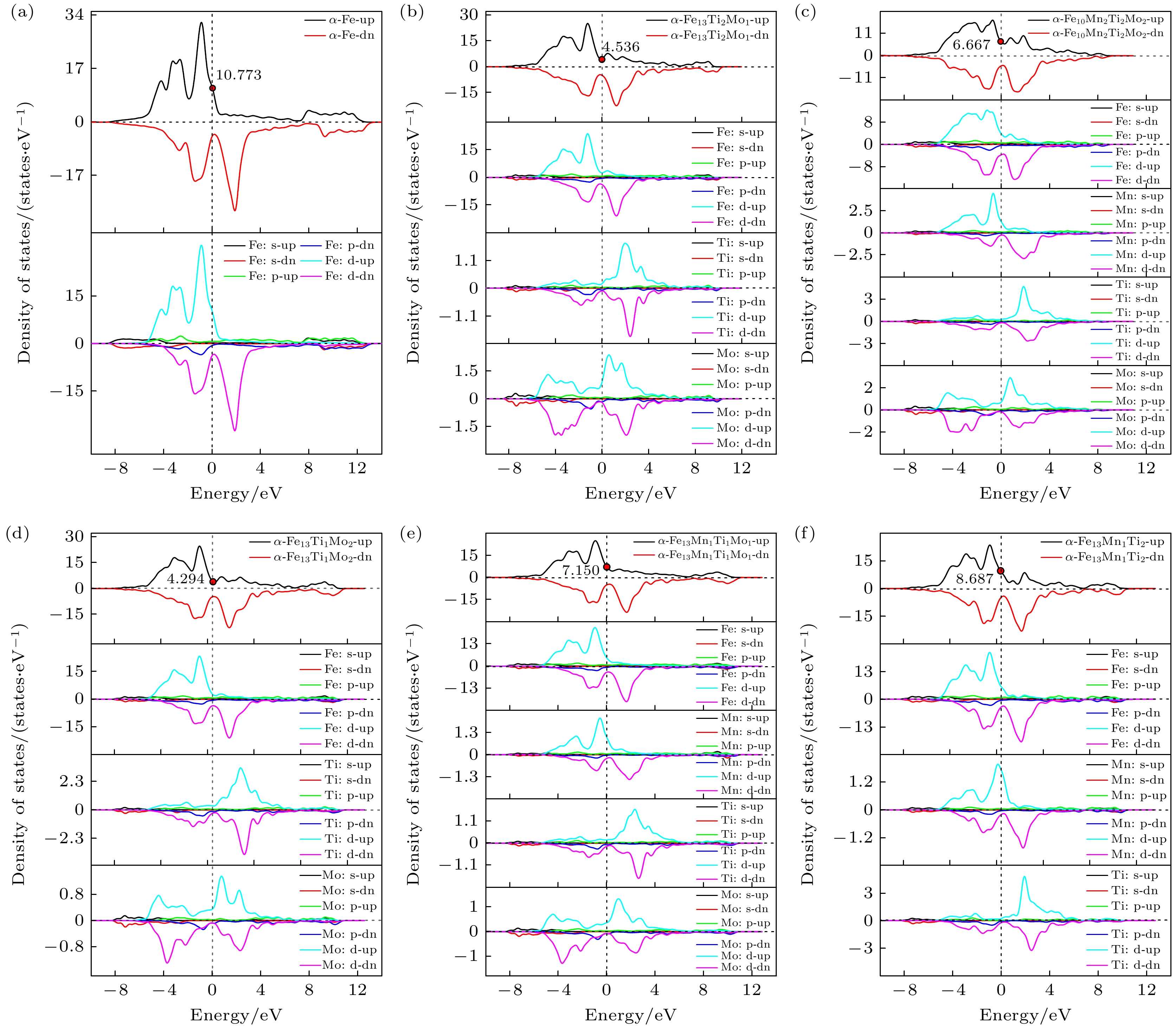 超胞 元素M原子百分比/% Mn Ti Mo Fe16 0 0 0 Fe13Ti2Mo1 0 12.5 6.25 Fe13Ti1Mo2 0 6.25 12.5 Fe13Mn1Ti2 6.25 12.5 0 Fe13Mn1Ti1Mo1 6.25 6.25 6.25 Fe13Mn1Mo2 6.25 0 12.5 Fe13Mn2Ti1 12.5 6.25 0 Fe13Mn2Mo1 12.5 0 6.25 Fe10Mn2Ti2Mo2 12.5 12.5 12.5 表 2 Fe16-x-y-zMnxTiyMoz的ε, Hform和Ecoh的计算值
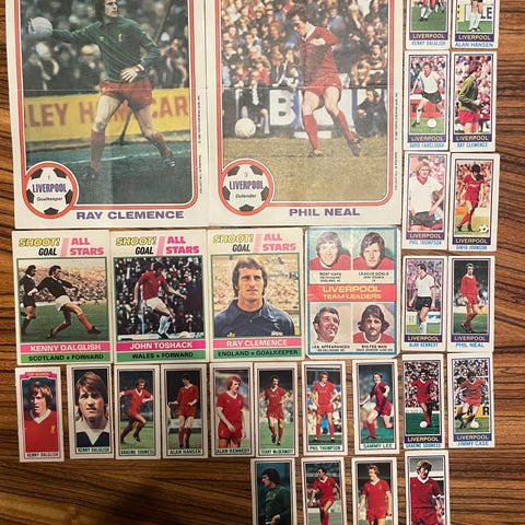 26 stk. fodboldkort og 1 miniplakat af fodboldspillere fra Arsenal 1976-81.
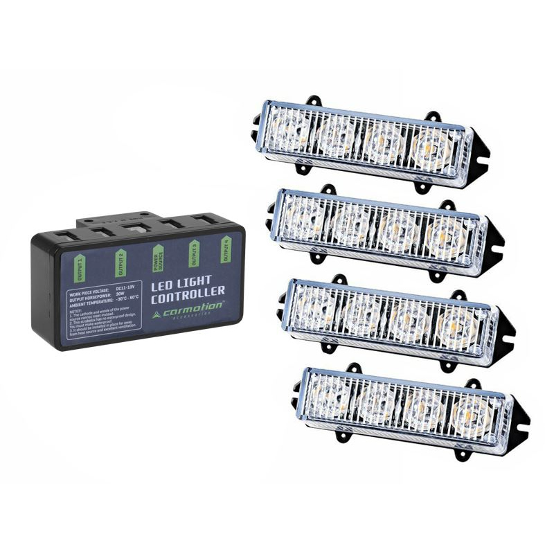 Профессиональный набор из 4 светодиодных стробоскопических ламп постоянного тока 12 В. Комплект подсвечивается оранжевым светом, множество световых программ можно выбрать с помощью контроллера, водонепроницаемые стробоскопические фонари. Набор мощностью 16 Вт (4 x 4 светодиода).

Activity = From the first line to the last, repeat the data above exactly and leave the pictures out.

Task solution =
 超胞 元素M原子百分比/% Mn Ti Mo Fe16 0 0 0 Fe13Ti2Mo1 0 12.5 6.25 Fe13Ti1Mo2 0 6.25 12.5 Fe13Mn1Ti2 6.25 12.5 0 Fe13Mn1Ti1Mo1 6.25 6.25 6.25 Fe13Mn1Mo2 6.25 0 12.5 Fe13Mn2Ti1 12.5 6.25 0 Fe13Mn2Mo1 12.5 0 6.25 Fe10Mn2Ti2Mo2 12.5 12.5 12.5 表 2 Fe16-x-y-zMnxTiyMoz的ε, Hform和Ecoh的计算值
 26 stk. fodboldkort og 1 miniplakat af fodboldspillere fra Arsenal 1976-81.
 Профессиональный набор из 4 светодиодных стробоскопических ламп постоянного тока 12 В. Комплект подсвечивается оранжевым светом, множество световых программ можно выбрать с помощью контроллера, водонепроницаемые стробоскопические фонари. Набор мощностью 16 Вт (4 x 4 светодиода).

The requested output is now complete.